Exercise prompt -> Please repeat the lines below, exactly and only, from the one that holds "Brighten up your" through the one that holds "Por otro lado, la".

Information shown ->
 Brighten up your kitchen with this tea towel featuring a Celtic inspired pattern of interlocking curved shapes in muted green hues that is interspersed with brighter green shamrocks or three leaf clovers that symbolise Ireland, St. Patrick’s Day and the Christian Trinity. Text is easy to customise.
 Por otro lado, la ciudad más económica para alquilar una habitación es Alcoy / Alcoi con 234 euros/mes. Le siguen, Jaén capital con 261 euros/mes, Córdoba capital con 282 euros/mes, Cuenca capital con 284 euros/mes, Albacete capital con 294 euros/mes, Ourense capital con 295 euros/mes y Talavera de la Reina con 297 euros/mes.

* * *

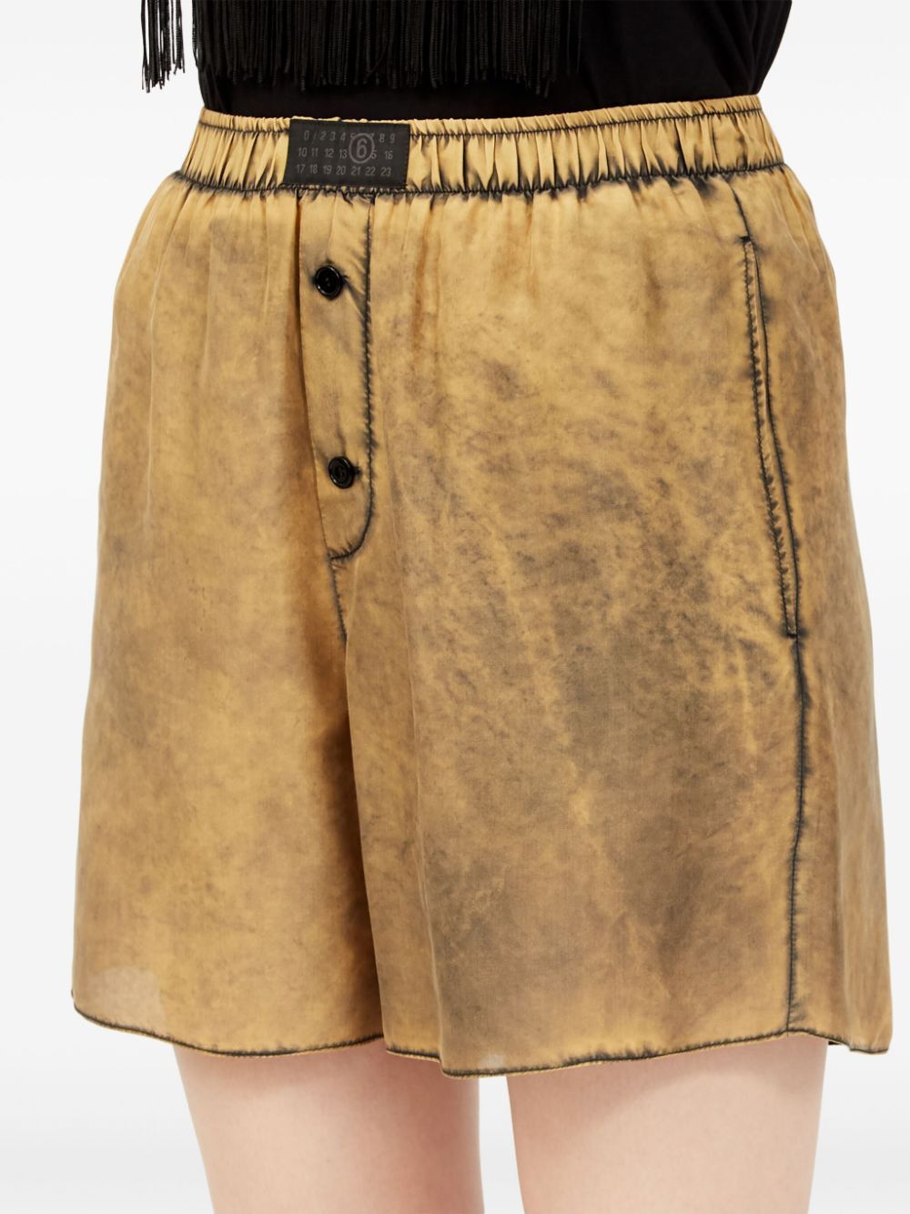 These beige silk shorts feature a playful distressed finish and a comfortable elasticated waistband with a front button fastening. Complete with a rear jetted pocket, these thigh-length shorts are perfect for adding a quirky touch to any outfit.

Exercise response ->
 Brighten up your kitchen with this tea towel featuring a Celtic inspired pattern of interlocking curved shapes in muted green hues that is interspersed with brighter green shamrocks or three leaf clovers that symbolise Ireland, St. Patrick’s Day and the Christian Trinity. Text is easy to customise.
 Por otro lado, la ciudad más económica para alquilar una habitación es Alcoy / Alcoi con 234 euros/mes. Le siguen, Jaén capital con 261 euros/mes, Córdoba capital con 282 euros/mes, Cuenca capital con 284 euros/mes, Albacete capital con 294 euros/mes, Ourense capital con 295 euros/mes y Talavera de la Reina con 297 euros/mes.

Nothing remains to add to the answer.